Exercise data:
┌──
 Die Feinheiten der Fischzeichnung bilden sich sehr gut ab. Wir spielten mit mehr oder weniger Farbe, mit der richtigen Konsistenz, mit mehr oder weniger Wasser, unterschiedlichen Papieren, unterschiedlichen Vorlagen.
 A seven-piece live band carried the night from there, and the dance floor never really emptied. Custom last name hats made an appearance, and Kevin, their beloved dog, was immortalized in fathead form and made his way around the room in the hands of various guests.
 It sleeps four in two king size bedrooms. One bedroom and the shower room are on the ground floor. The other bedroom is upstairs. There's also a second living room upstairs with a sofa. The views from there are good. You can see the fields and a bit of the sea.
└──
┌──
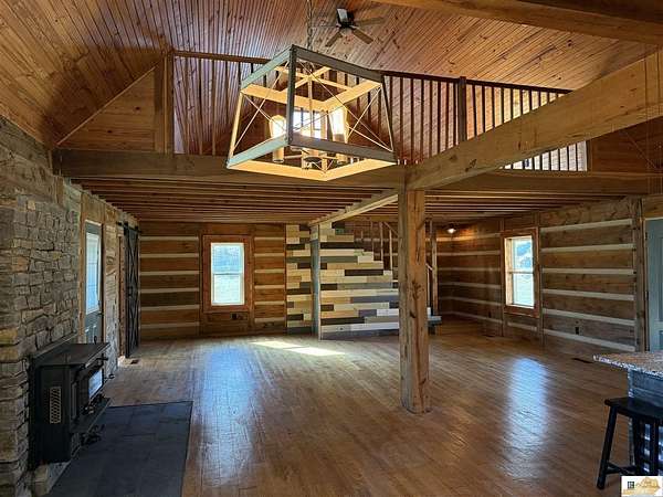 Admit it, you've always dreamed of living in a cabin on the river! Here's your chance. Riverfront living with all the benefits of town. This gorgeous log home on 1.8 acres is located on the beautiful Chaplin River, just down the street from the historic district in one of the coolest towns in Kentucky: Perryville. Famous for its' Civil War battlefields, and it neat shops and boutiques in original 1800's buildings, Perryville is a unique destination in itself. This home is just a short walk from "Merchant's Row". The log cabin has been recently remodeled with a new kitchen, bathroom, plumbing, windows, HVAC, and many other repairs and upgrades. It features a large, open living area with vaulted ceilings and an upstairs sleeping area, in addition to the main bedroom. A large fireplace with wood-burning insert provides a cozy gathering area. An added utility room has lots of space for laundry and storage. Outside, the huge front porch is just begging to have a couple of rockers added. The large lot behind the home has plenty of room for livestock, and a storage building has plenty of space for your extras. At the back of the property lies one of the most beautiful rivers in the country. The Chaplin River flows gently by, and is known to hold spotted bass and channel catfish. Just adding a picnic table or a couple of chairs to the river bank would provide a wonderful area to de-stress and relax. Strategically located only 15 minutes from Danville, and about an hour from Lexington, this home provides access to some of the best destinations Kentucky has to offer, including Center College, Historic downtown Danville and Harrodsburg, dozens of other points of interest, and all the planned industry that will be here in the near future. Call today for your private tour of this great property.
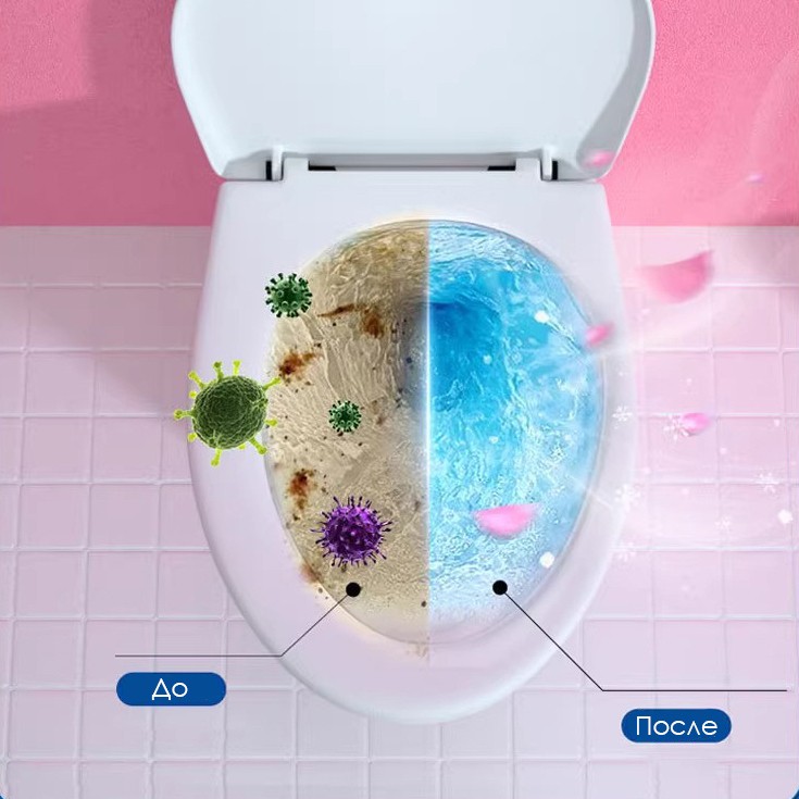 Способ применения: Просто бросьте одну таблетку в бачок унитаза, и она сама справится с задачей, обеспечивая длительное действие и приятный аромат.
└──
┌──
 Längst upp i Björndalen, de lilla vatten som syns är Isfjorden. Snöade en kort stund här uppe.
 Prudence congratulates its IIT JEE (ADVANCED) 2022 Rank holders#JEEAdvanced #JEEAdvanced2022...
└──
Work item: Copy out every line from the data above in which the word "there" occurs.

Response area:
 A seven-piece live band carried the night from there, and the dance floor never really emptied. Custom last name hats made an appearance, and Kevin, their beloved dog, was immortalized in fathead form and made his way around the room in the hands of various guests.
 It sleeps four in two king size bedrooms. One bedroom and the shower room are on the ground floor. The other bedroom is upstairs. There's also a second living room upstairs with a sofa. The views from there are good. You can see the fields and a bit of the sea.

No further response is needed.